I have encountered a critical security issue, but I am not sure whether it’s related to Brave Browser or Bitwarden.
I have set Brave Browser to always log me out of websites when I close the browser, so it does not remember my login credentials. However, I have noticed that sometimes, after restarting my computer, I can still access my email without entering my login details or even the two-factor authentication (2FA) code.
This is a serious security concern, as it means that my session is somehow being preserved despite the browser being set to clear all login data.
Has anyone else experienced this issue? Could this be a bug in Brave Browser, or is it related to Bitwarden? Any help would be greatly appreciated.
I am logged in.
It looks like, even though I have enabled the setting for Brave browser to delete cookies upon exiting the browser, when I shut down the computer, Brave does not behave as if I am leaving the application.

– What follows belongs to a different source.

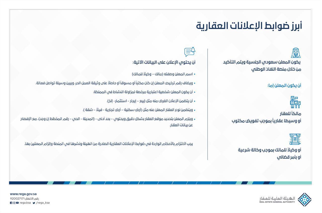 وتشمل الضوابط التي تم إصدارها اليوم، أن يكون المعلن سعودي الجنسية، وأن يتم تسجيل المعلنين عن طريق منصة النفاذ الوطني، أو أن يكون المعلن مالكًا للعقار، أو وكيلاً للمالك بموجب وكالة شرعية، أو وسيطاً عقارياً بموجب تفويض مكتوب أو بأمر قضائي، إضافة إلى ضرورة أن يتضمّن الإعلان على اسم المعلن وصفته أو شخصية اعتبارية مرخصة لمزاولة النشاط في المملكة.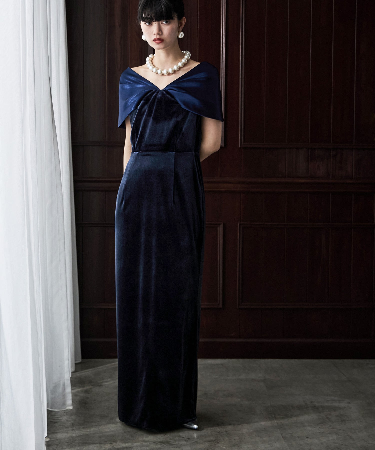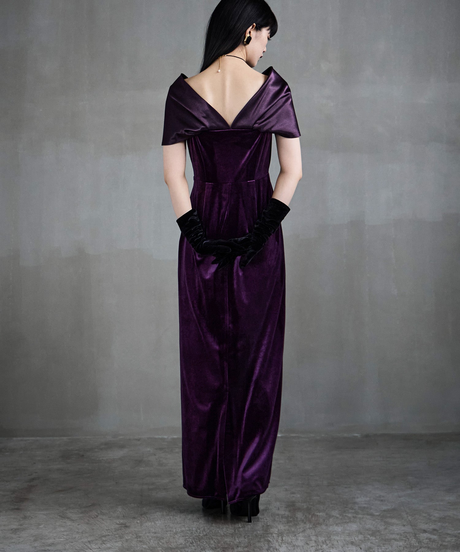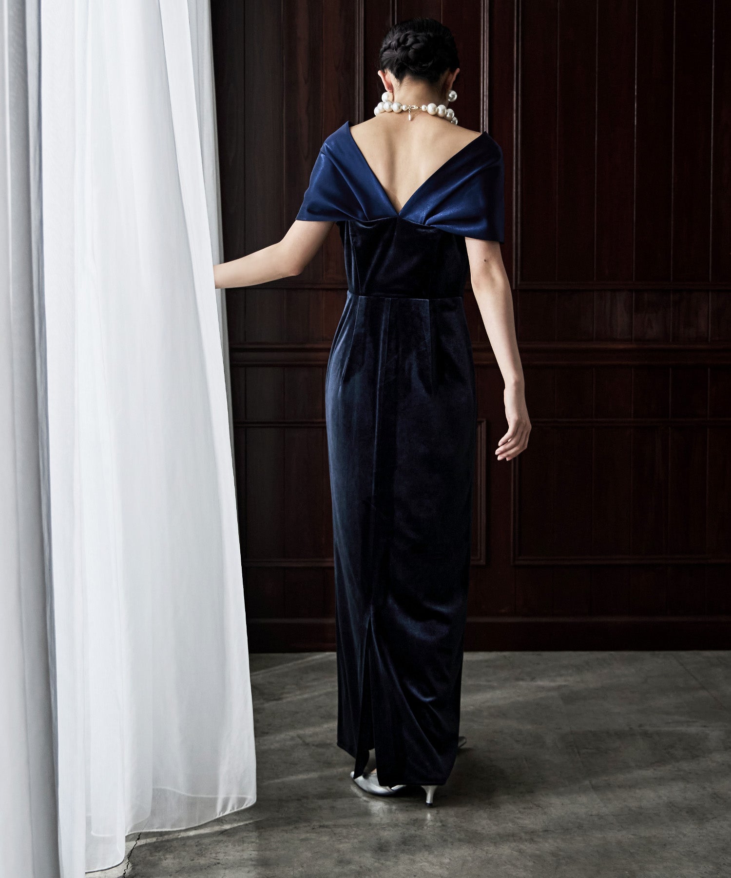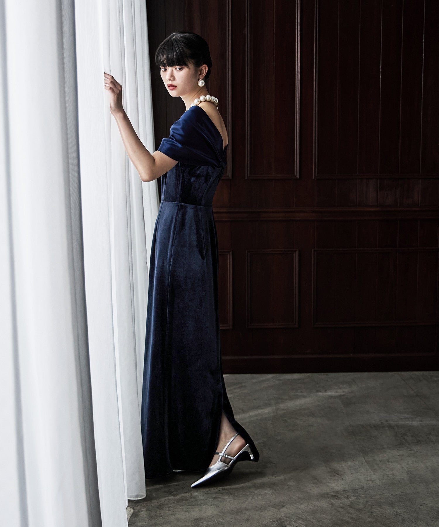 インパクトのあるモードなデザインをベロアに落とし込んだオケージョンドレス。

My version of brave is 1.76.73
I am just minimalizing it. But still turn off the whole computer should close the browser. I tried this in firefox and this didn’t work. So it seems like that by turning off whole computer you won’t close the brave browser but firefox yes. So I think this is a bug.
I was installing Brave Browser few days ago. And I setup to delete cookies aftere closing the browser and also setting this “On startup” to be Open the New Tab page but still if I turn off computer then the cookies should be deleted as well right? Or they are deleted only when I have Continue where you left off? But I see that it is in the process to be fixed in the future. So nevermind then.